18 June 1916 Flanders

Dear folks,

This is Sunday morning just before dinner and I must try to get this started at least  for we never know what time we can call our own and when a letter is started is seems easier to go back to it.

I am up the pike now at the Advanced D. S. and it is fairly quiet just now but there is plenty of work reinforcing our dugouts with sandbags and covering them up with green sods to make them inconspicuous. Then at night there is guards to do, a 3-hour stretch every other night and we take a day each in the cook house. There are 3 stations to run: the A.D.S. and two regimental aid posts. Most of the work is done at night as we are almost under the nose of Fritz observation balloons and anything that escapes him is pretty well concealed. They turn the artillery on pretty well everything that looks suspicious and no battery dare fire when an enemy balloon is up especially is the day is anyway bright. Of course, our balloons show the same little courtesies to Fritz. As a result of this strict observation, there is comparatively little to do in the daytime and as there is very little night these days everything is crammed into the few hours of darkness.

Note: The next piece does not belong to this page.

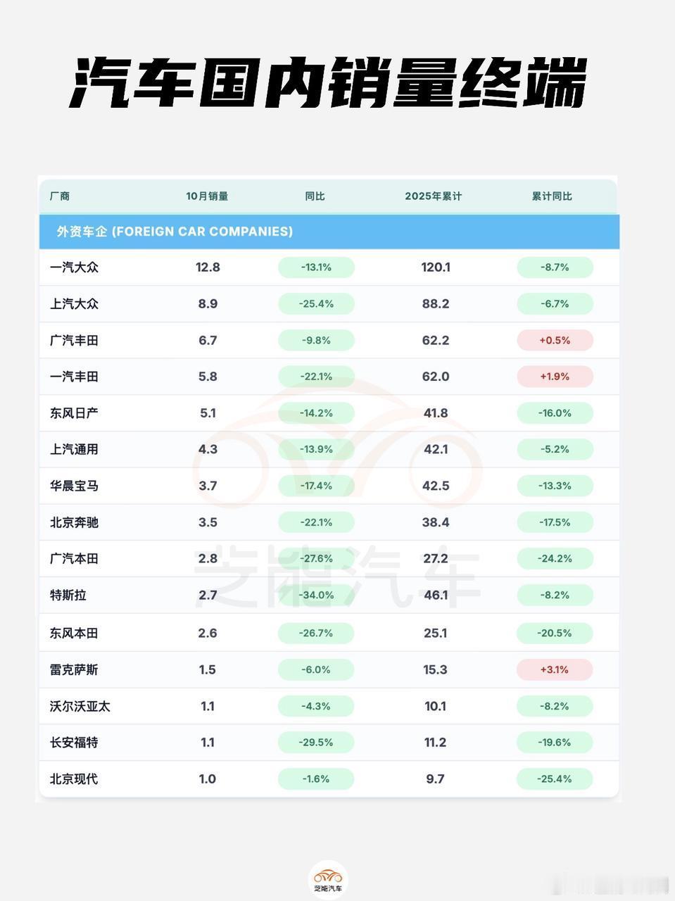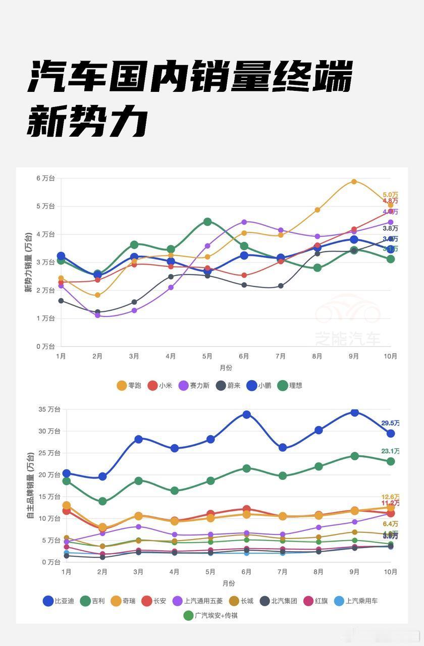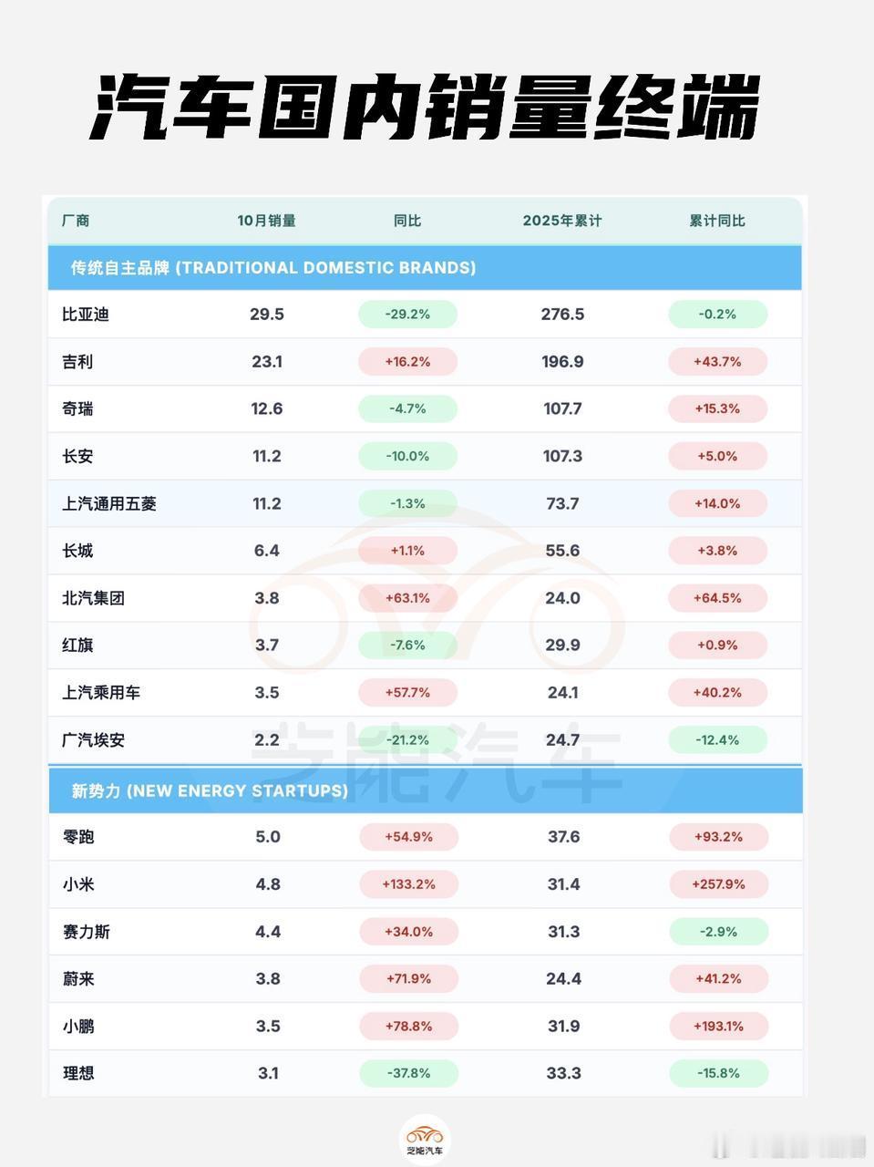 2025 年 10 月中国汽车终端销量略有回落,受补贴退坡和去年高基数影响,后续两月预期平稳。自主品牌表现分化,吉利、奇瑞等保持增长,北汽、上汽乘用车增速亮眼;新势力集体发力,零跑、小米、小鹏等均实现大幅增长。外资车企普遍遇冷,多款主流品牌销量两位数下滑。新能源汽车仍是市场增长核心,后续细分市场变化值得关注~

We have the new daylight saving time in force over here now and so save another hour of daylight. It came into force about a week ago.

I suppose the papers over there are all crammed full of the accounts of the latest fighting around Ypres. it was about the worst that the Canadians have been through and the casualties were very high with a larger percentage than usual killed. I was on guard night before last and saw one of the fiercest bombardments that has taken place for a few days. It only lasted for about an hour before dawn. I was on the 1 to 4 am shift and it started at 2:03 and lasted to about 3. it was on a front of about 1/2 a mile  and the sky was lit up continuously with great livid flashes. The roar of the high exploding shells bursting is enough to strike terror into the most iron-nerved man that ever lived. The cases of shell shock are becoming more frequent and the bombardments are becoming more severe.

There were some German prisoners through town the other day and they say that we don't know what a bombardment is. The place to see the effects of a severe shelling is to get on their side of the line. They were taken prisoner in the midst of heavy bombardment and that is how they know what shellfire is on our side of the line.

The prisoners were all taken and given a shower bath in the divisional bath house and got a clean change of clothes.

Well, there is a fatigue being called to fill sand bags and I'll have to ring off and post this on the ration waggon.

I was glad of Mae's success in Massey Hall. I got the papers from Rose but the one of May 24th with the account of the competition was missing. All the other days were there. Hope Norma succeeds in her exams. Tell her to write & tell me all about them etc.